From the line containing "1:レシート取消画面でハウスマネー、ポイント利用のあった会計を選択" down to the line containing "Пневматический степлер для" in the records below, reproduce every line exactly, ends included, and omit all others.

SUPPLIED MATERIAL:
○ ○ ○ ○ ○
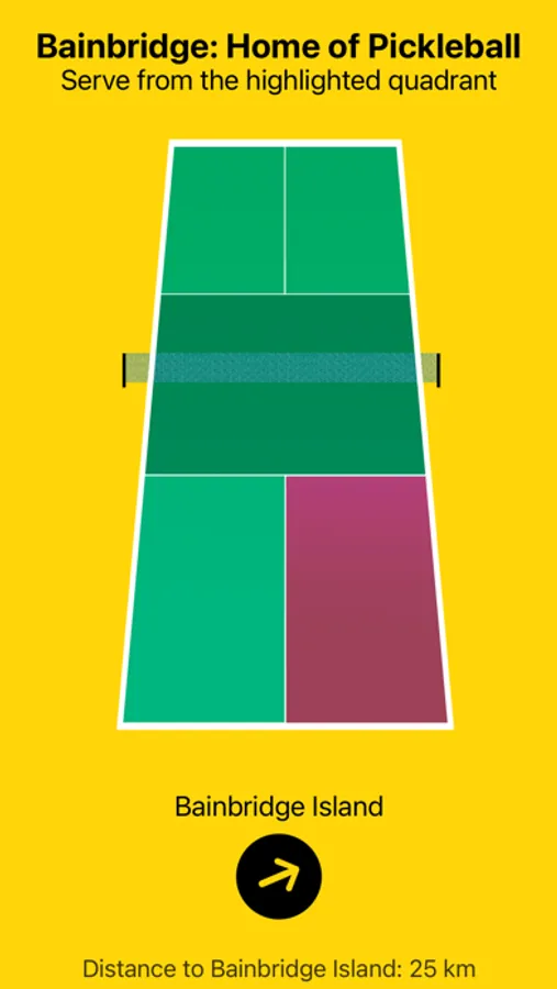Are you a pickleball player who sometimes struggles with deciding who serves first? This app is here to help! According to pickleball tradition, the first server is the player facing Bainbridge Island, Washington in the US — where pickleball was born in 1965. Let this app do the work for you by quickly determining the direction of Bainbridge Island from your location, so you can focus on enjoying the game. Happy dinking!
○ ○ ○ ○ ○
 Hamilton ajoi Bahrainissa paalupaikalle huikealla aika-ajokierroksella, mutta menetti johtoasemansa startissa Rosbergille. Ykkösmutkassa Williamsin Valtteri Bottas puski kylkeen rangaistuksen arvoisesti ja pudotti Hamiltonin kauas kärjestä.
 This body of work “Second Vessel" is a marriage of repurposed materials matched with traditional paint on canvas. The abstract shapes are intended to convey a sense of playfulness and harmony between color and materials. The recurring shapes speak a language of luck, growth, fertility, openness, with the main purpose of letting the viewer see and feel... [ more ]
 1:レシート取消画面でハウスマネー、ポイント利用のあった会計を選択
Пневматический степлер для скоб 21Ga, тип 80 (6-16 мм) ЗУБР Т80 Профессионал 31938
○ ○ ○ ○ ○
TASK RESPONSE:
 1:レシート取消画面でハウスマネー、ポイント利用のあった会計を選択
Пневматический степлер для скоб 21Ga, тип 80 (6-16 мм) ЗУБР Т80 Профессионал 31938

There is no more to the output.